> Try it:
Repeat everything in the listing exactly, except for the images.

> Exercise data:
--- --- ---
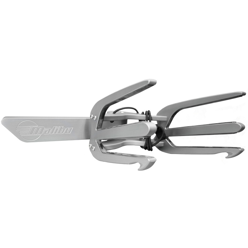 Aluminum Malibu Boats bungee spinning racks. Fits all G3 and G4 towers. Gap between bottom forks is approximately 1" wide. Gap between top forks is approximately 2" wide. Combo fork design can hold one wakeboard (or skim surfboard) and one surfboard. Swive
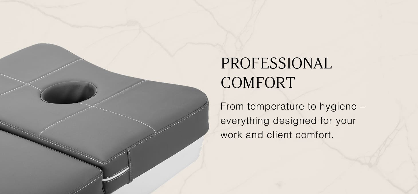 The adjustable headrest with extendable and adjustable tilt angle ensures a perfect fit for the user, enhancing comfort during treatments. The set includes ergonomic cushions, including a headrest with a face opening, which allows for not only scalp treatments but also massages and a variety of body and facial treatments. The built-in basin expands the functionality of the lounger, allowing for foot care treatments, including pedicures. This solution further enhances the feeling of relaxation and allows for an even more comprehensive range of services. These practical features make the bed a versatile piece of equipment for beauty and wellness salons, ensuring both client comfort and the effectiveness of treatments performed.
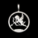 Cupid Cut Coin Pendant is inspired Roman god of love. Pendant symbolises love, romance and affection. Chose the year when you first met to make it even more special.
--- --- ---
> Reply:
 Aluminum Malibu Boats bungee spinning racks. Fits all G3 and G4 towers. Gap between bottom forks is approximately 1" wide. Gap between top forks is approximately 2" wide. Combo fork design can hold one wakeboard (or skim surfboard) and one surfboard. Swive
 The adjustable headrest with extendable and adjustable tilt angle ensures a perfect fit for the user, enhancing comfort during treatments. The set includes ergonomic cushions, including a headrest with a face opening, which allows for not only scalp treatments but also massages and a variety of body and facial treatments. The built-in basin expands the functionality of the lounger, allowing for foot care treatments, including pedicures. This solution further enhances the feeling of relaxation and allows for an even more comprehensive range of services. These practical features make the bed a versatile piece of equipment for beauty and wellness salons, ensuring both client comfort and the effectiveness of treatments performed.
 Cupid Cut Coin Pendant is inspired Roman god of love. Pendant symbolises love, romance and affection. Chose the year when you first met to make it even more special.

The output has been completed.